■ Dataset section:
*-*-*

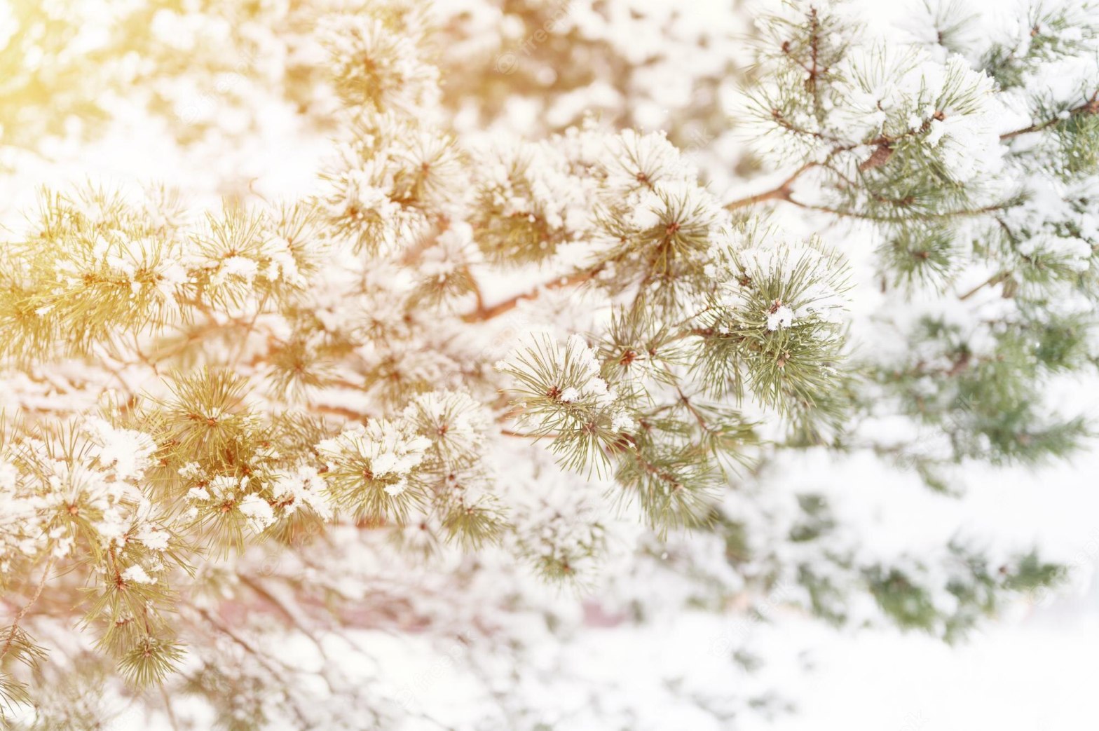 Image description: an over-exposed image of a frozen evergreen bough before a snowy background. The left side of the image is bleached yellow from the overexposure. /end description
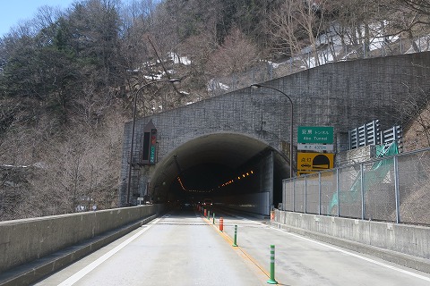10:36 安房トンネル 国道158号線を西走し、乗鞍高原や上高地へのアクセス道路を通過し、長野県と岐阜県の県境に跨がる安房トンネルの入口までやってきました。 辺りの日陰になる斜面にはには、まだ残雪がありますね。 それでは、安房トンネルを抜け、一気に岐阜県に向かいましょう。 |
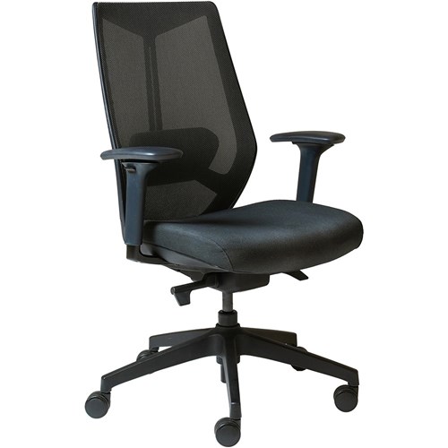 RAPIDLINE ARCO ERGONOMIC CHAIR HIGH MESH BACK WITH ARMS FABRIC SEAT AND BACK BLACK
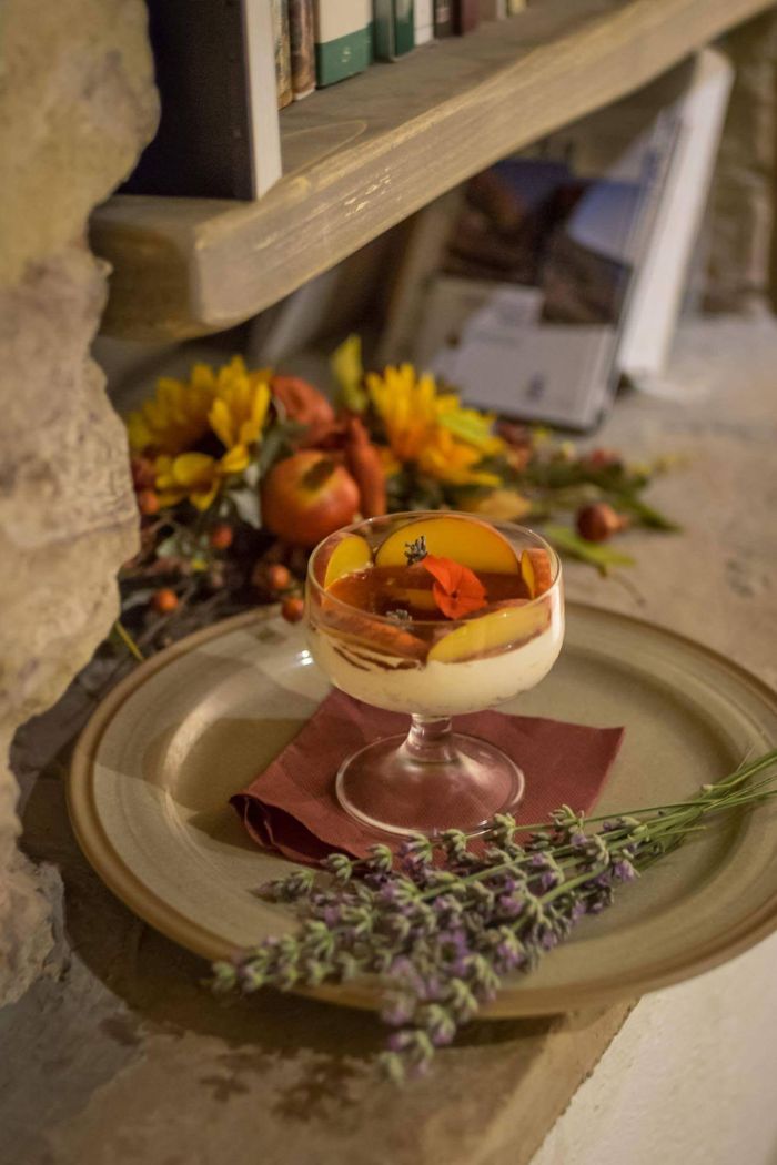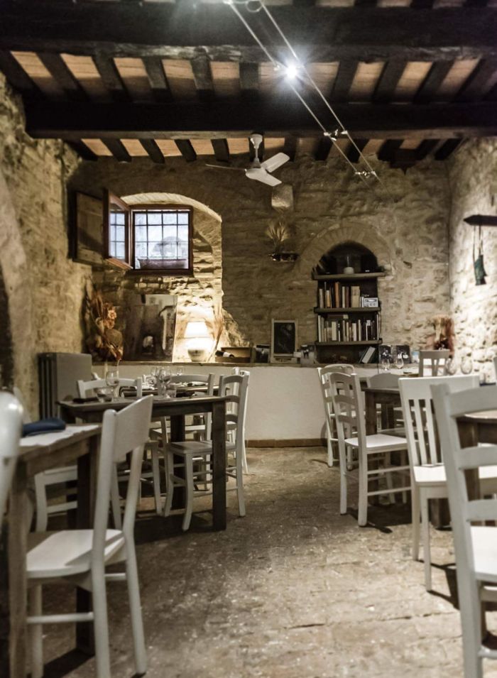 La cucina che lo Chef Diego propone è fortemente ancorata al territorio e all'Umbria in particolare, con rarissime ma straordinarie eccezioni. Paste fatte a mano con farine biologiche, prodotti della terra coltivati biologicamente da aziende agrarie locali, carni da animali allevati all'aperto e dolci fatti quotidianamente dallo Chef. Insomma in tutto e per tutto filiera corta. Un'esperienza di cucina davvero D.O.C

*-*-*

■ Prompt:
Before copying the data, remove the pictures. Then repeat the rest exactly.

■ Answer section:
 Image description: an over-exposed image of a frozen evergreen bough before a snowy background. The left side of the image is bleached yellow from the overexposure. /end description
10:36 安房トンネル 国道158号線を西走し、乗鞍高原や上高地へのアクセス道路を通過し、長野県と岐阜県の県境に跨がる安房トンネルの入口までやってきました。 辺りの日陰になる斜面にはには、まだ残雪がありますね。 それでは、安房トンネルを抜け、一気に岐阜県に向かいましょう。 |
 RAPIDLINE ARCO ERGONOMIC CHAIR HIGH MESH BACK WITH ARMS FABRIC SEAT AND BACK BLACK
 La cucina che lo Chef Diego propone è fortemente ancorata al territorio e all'Umbria in particolare, con rarissime ma straordinarie eccezioni. Paste fatte a mano con farine biologiche, prodotti della terra coltivati biologicamente da aziende agrarie locali, carni da animali allevati all'aperto e dolci fatti quotidianamente dallo Chef. Insomma in tutto e per tutto filiera corta. Un'esperienza di cucina davvero D.O.C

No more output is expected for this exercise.